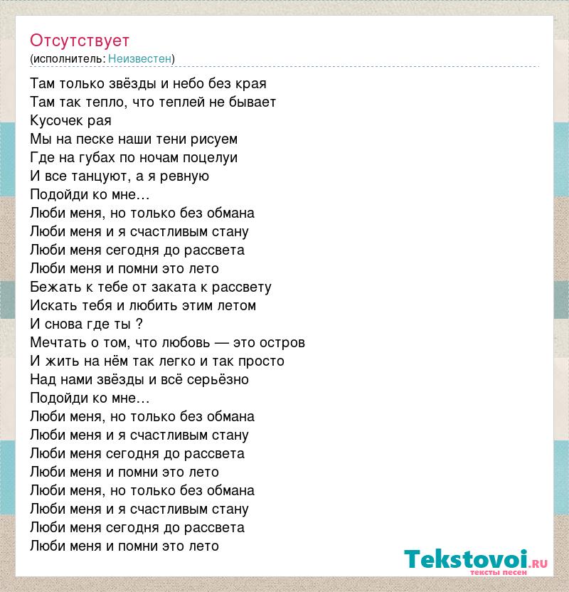 Там только звёзды и небо без края Там так тепло, что теплей не бывает Кусочек рая Мы на песке наши тени рисуем Где на губах по ночам поцелуи И все танцуют, а я ревную Подойди ко мне… Люби меня, но только без обмана Люби меня и я счастливым стану Люби меня сегодня до рассвета Люби меня и помни это лето Бежать к тебе от заката к рассвету Искать тебя и любить этим летом И снова где ты ? Мечтать о том, что любовь — это остров И жить на нём так легко и так просто Над нами звёзды и всё серьёзно Подойди ко мне… Люби меня, но только без обмана Люби меня и я счастливым стану Люби меня сегодня до рассвета Люби меня и помни это лето Люби меня, но только без обмана Люби меня и я счастливым стану Люби меня сегодня до рассвета Люби меня и помни это лето
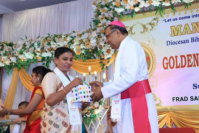 In his presidential address, Bishop Peter Paul Saldanha praised the significant contributions of MJ, its directors, assistant directors, catechists, teachers, and formators. Bishop Peter said, “We have a systematic faith catechesis programme in our diocese which has been recognised by the other dioceses in India.” The Bishop also congratulated and blessed all the top scorers and wished them well.
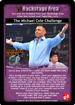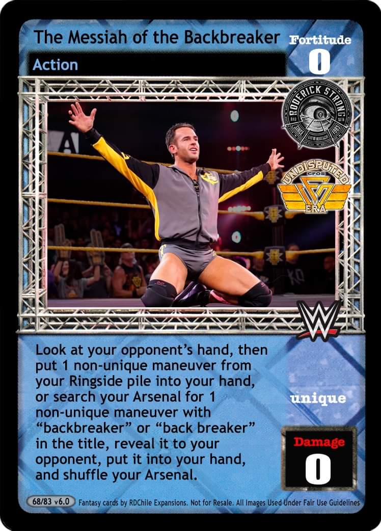 Look at your opponent`s hand, then put 1 non-unique maneuver from your ringside pile into your hand or search your arsenal for 1 non-unique maneuver with “backbreaker” or “back breaker” in the title, reveal it to your opponent, put it into your hand, and shuffle your arsenal.
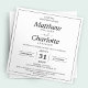 Roteiro elegante convite físico ou digital impresso em branco com letras pretas e um quadro delicado. Personalize-o com os nomes, apelidos, data, local, registro e RSVP do Sr. e Sra. A parte traseira pode ser personalizada com as iniciais do casal.
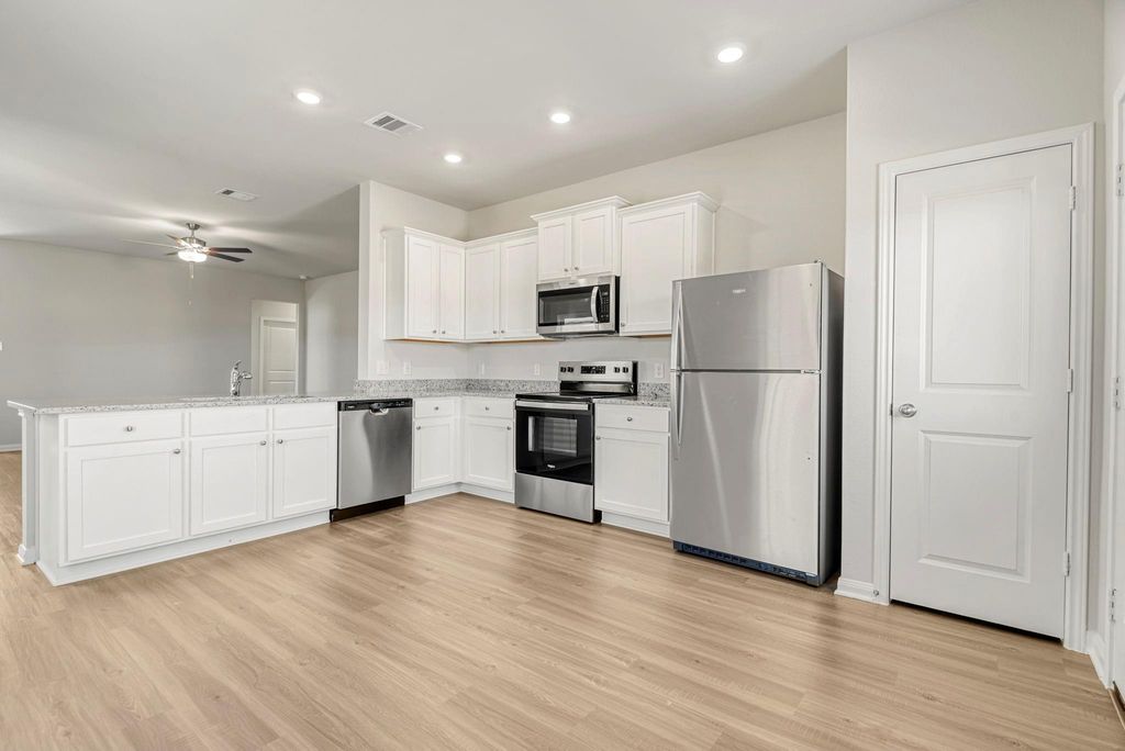 Located only minutes from Downtown Houston, Park Vista at El Tesoro gives you easy access to the Medical Center, Museum District, local sports arenas, and so much more. The Pecan plan by LGI Homes in Park Vista at El Tesoro offers a gorgeous one-story retreat with three bedrooms, two bathrooms and an attached 2-car garage. The kitchen includes a full suite of Whirlpool appliances and features a dine-in breakfast room and breakfast bar overlooking the spacious family room. The private master suite features a spacious bedroom with two windows and a luxurious bathroom with a sprawling vanity and linen closet. Energy-saving features include a programmable thermostat, recessed LED lighting in the kitchen, and double-pane windows.
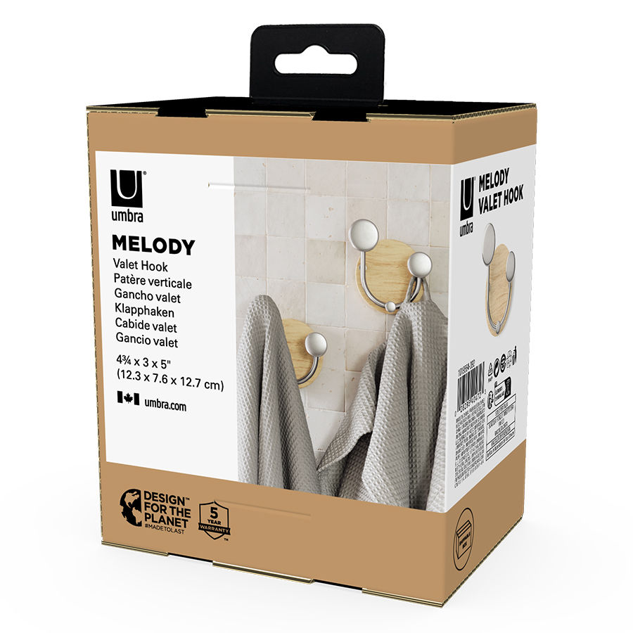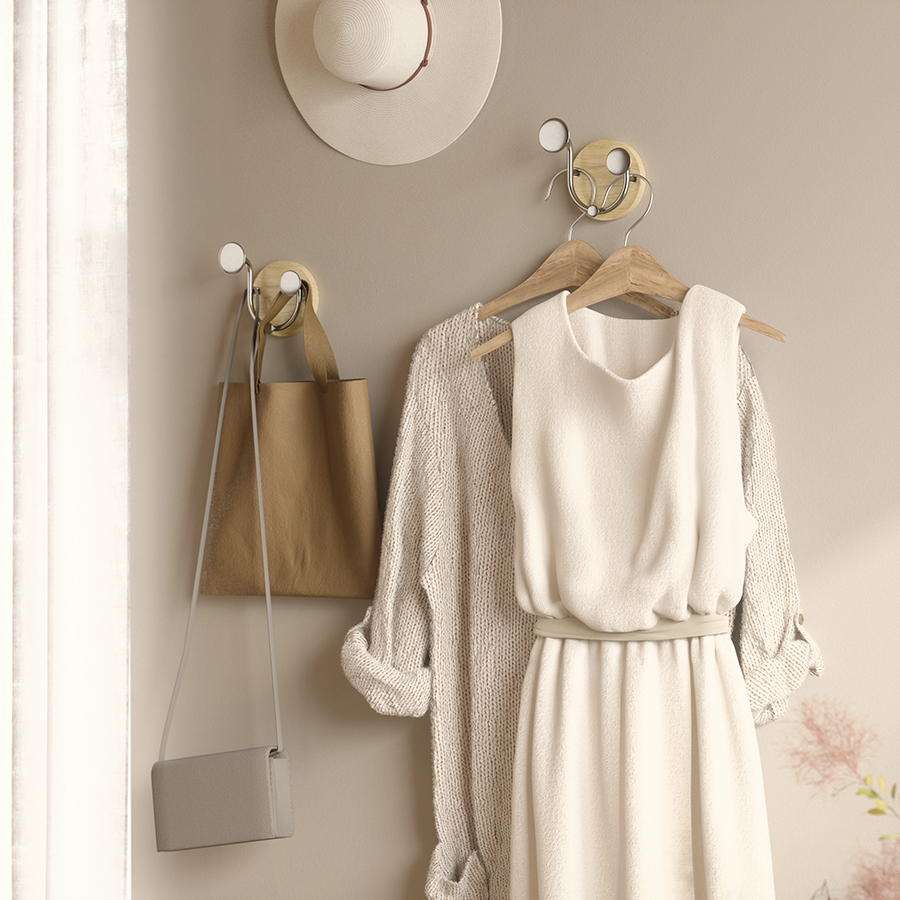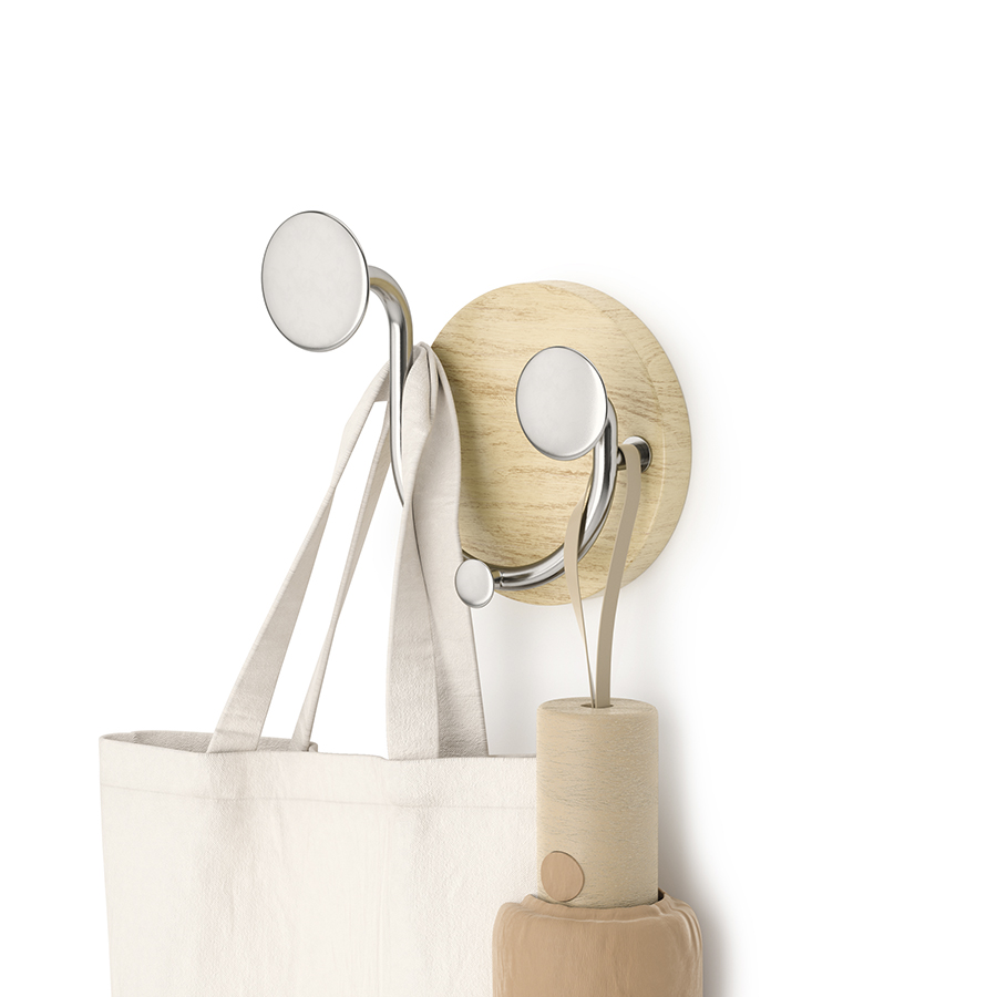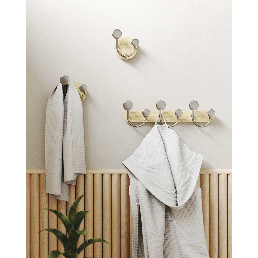 Вешалка настенная Melody идеально подойдет для компактного хранения вещей в любой из комнат и станет стильным акцентом интерьера. Сочетание дерева и элементов из металла придает аксессуару современный, но в то же время естественный вид. Вешалка оснащена тремя крючками, на которых можно удобно размещать предметы одежды, головные уборы, шарфы, сумки и другие аксессуары.
::::::::
> _Problem description_: Word for word, give again the lines from the first entry to the line with "Roteiro elegante convite", inclusive. Exclude the pictures.

> _Problem solution_:
 Там только звёзды и небо без края Там так тепло, что теплей не бывает Кусочек рая Мы на песке наши тени рисуем Где на губах по ночам поцелуи И все танцуют, а я ревную Подойди ко мне… Люби меня, но только без обмана Люби меня и я счастливым стану Люби меня сегодня до рассвета Люби меня и помни это лето Бежать к тебе от заката к рассвету Искать тебя и любить этим летом И снова где ты ? Мечтать о том, что любовь — это остров И жить на нём так легко и так просто Над нами звёзды и всё серьёзно Подойди ко мне… Люби меня, но только без обмана Люби меня и я счастливым стану Люби меня сегодня до рассвета Люби меня и помни это лето Люби меня, но только без обмана Люби меня и я счастливым стану Люби меня сегодня до рассвета Люби меня и помни это лето
 In his presidential address, Bishop Peter Paul Saldanha praised the significant contributions of MJ, its directors, assistant directors, catechists, teachers, and formators. Bishop Peter said, “We have a systematic faith catechesis programme in our diocese which has been recognised by the other dioceses in India.” The Bishop also congratulated and blessed all the top scorers and wished them well.
 Look at your opponent`s hand, then put 1 non-unique maneuver from your ringside pile into your hand or search your arsenal for 1 non-unique maneuver with “backbreaker” or “back breaker” in the title, reveal it to your opponent, put it into your hand, and shuffle your arsenal.
 Roteiro elegante convite físico ou digital impresso em branco com letras pretas e um quadro delicado. Personalize-o com os nomes, apelidos, data, local, registro e RSVP do Sr. e Sra. A parte traseira pode ser personalizada com as iniciais do casal.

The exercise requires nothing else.